Exercise aim:
Every word in the data below belongs in your copy, exactly as given; the pictures do not.

Working data:
#####

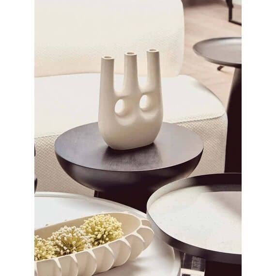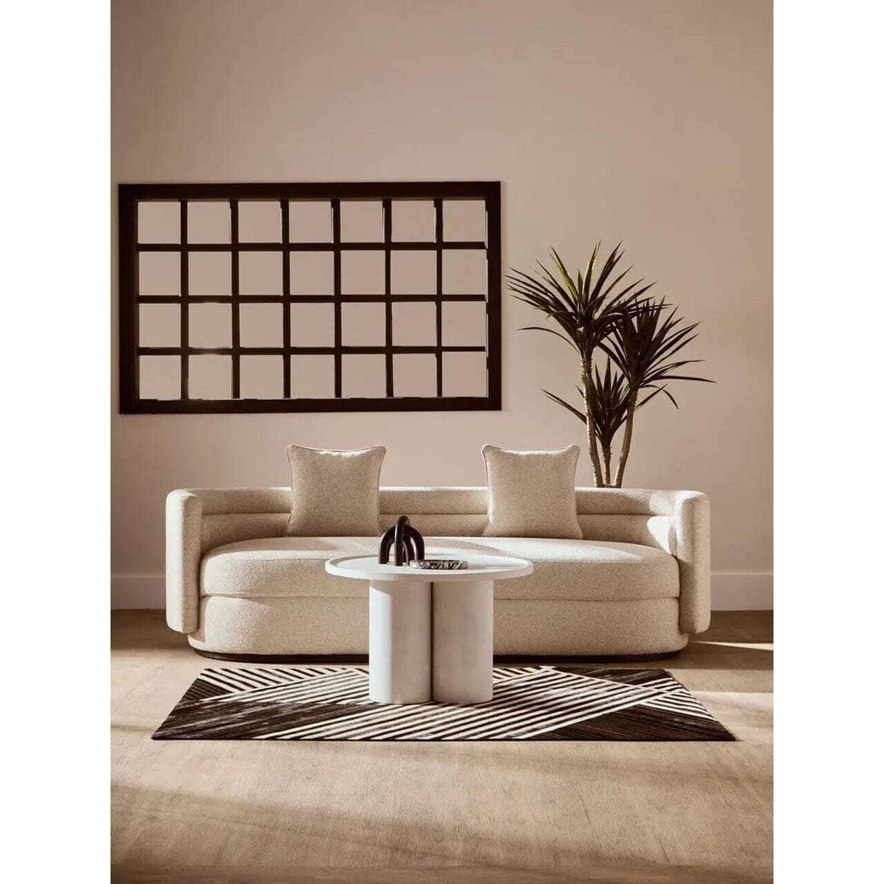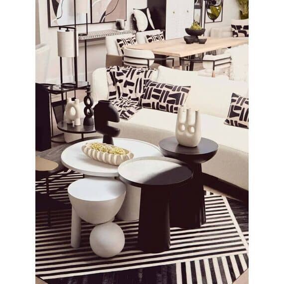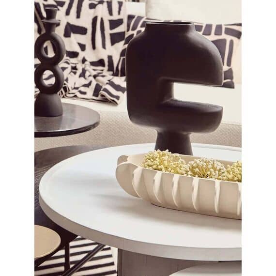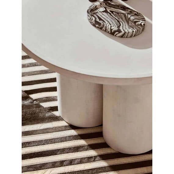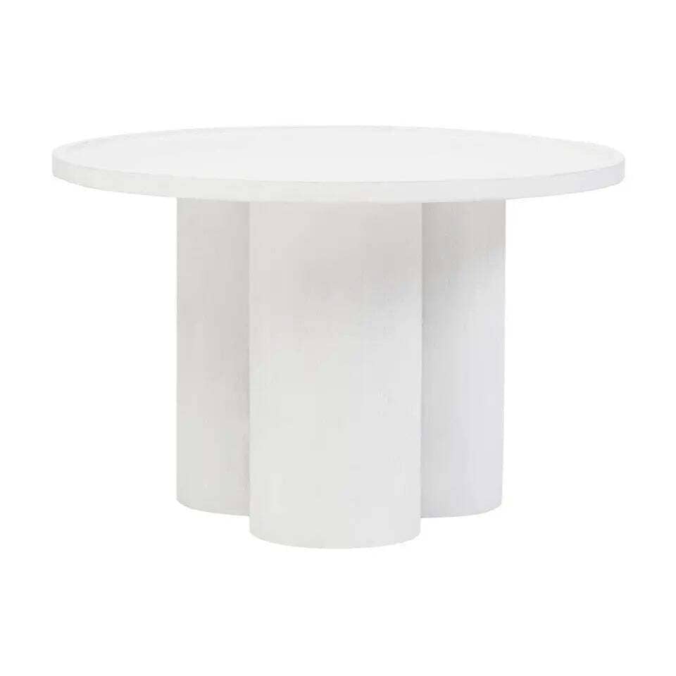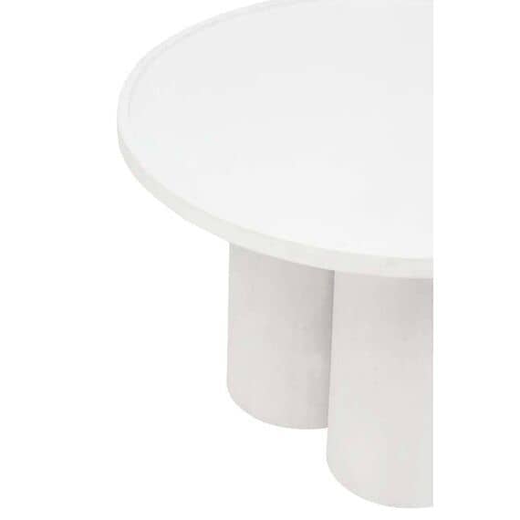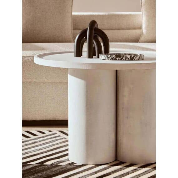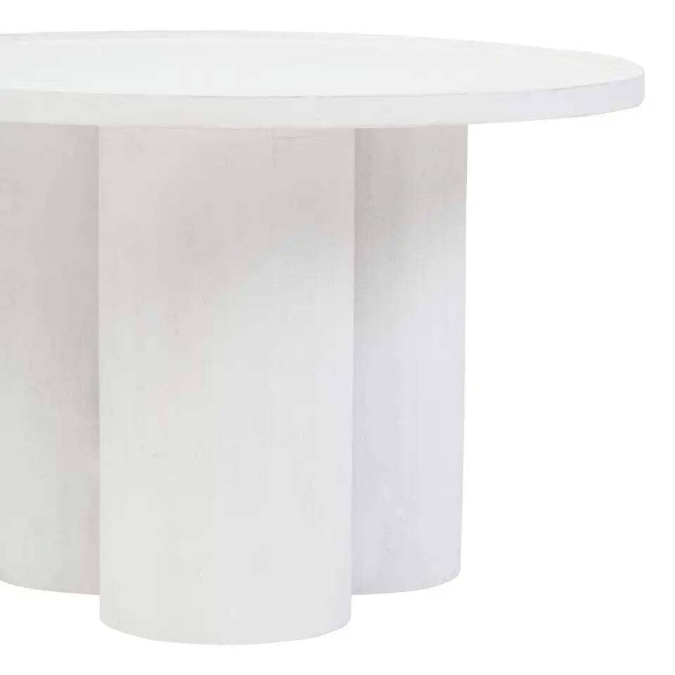 A fusion of form and function, this eco-friendly mango wood coffee table features a gracefully curved base forming a pillared design. The whitewash finish highlights its natural texture and complements the simplicity of this handcrafted masterpiece.
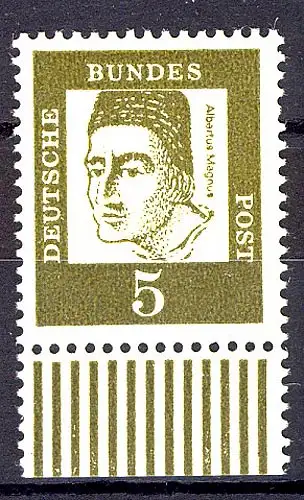 347yII Bed. Deutsche 5 Pf dicke Walzenstriche Unterrand ** postfrisch
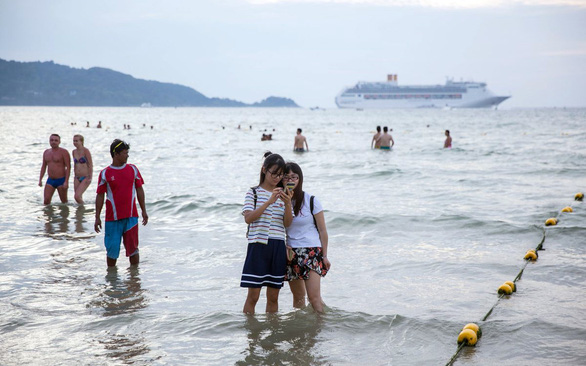 Du khách chụp ảnh tại bãi biển Patong ở Phuket, Thái Lan thời điểm trước khi nước này đóng cửa với du khách quốc tế vì dịch COVID-19 - Ảnh: BLOOMBERG
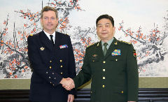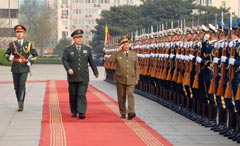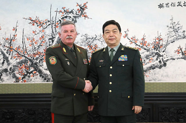 4月18日,国务委员兼国防部长常万全在北京八一大楼会见来访的白俄罗斯边防委员会主席拉波。新华社记者 刘芳 摄
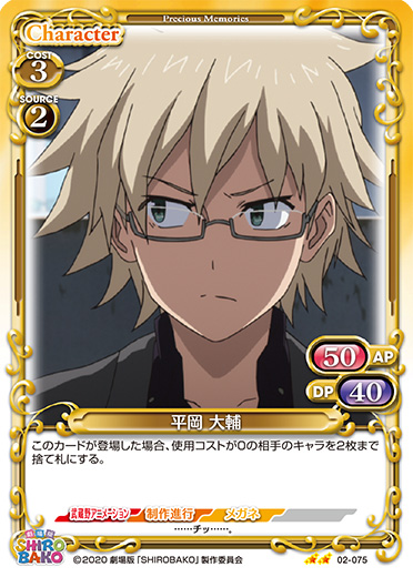 | 〔アクティブ〕このカードのアプローチで相手のキャラが退場した場合、相手のキャラ1枚は、ターン終了時まで-80/-80を得る。 | ||

#####

Result below:
 A fusion of form and function, this eco-friendly mango wood coffee table features a gracefully curved base forming a pillared design. The whitewash finish highlights its natural texture and complements the simplicity of this handcrafted masterpiece.
 347yII Bed. Deutsche 5 Pf dicke Walzenstriche Unterrand ** postfrisch
 Du khách chụp ảnh tại bãi biển Patong ở Phuket, Thái Lan thời điểm trước khi nước này đóng cửa với du khách quốc tế vì dịch COVID-19 - Ảnh: BLOOMBERG
 4月18日,国务委员兼国防部长常万全在北京八一大楼会见来访的白俄罗斯边防委员会主席拉波。新华社记者 刘芳 摄
 | 〔アクティブ〕このカードのアプローチで相手のキャラが退場した場合、相手のキャラ1枚は、ターン終了時まで-80/-80を得る。 | ||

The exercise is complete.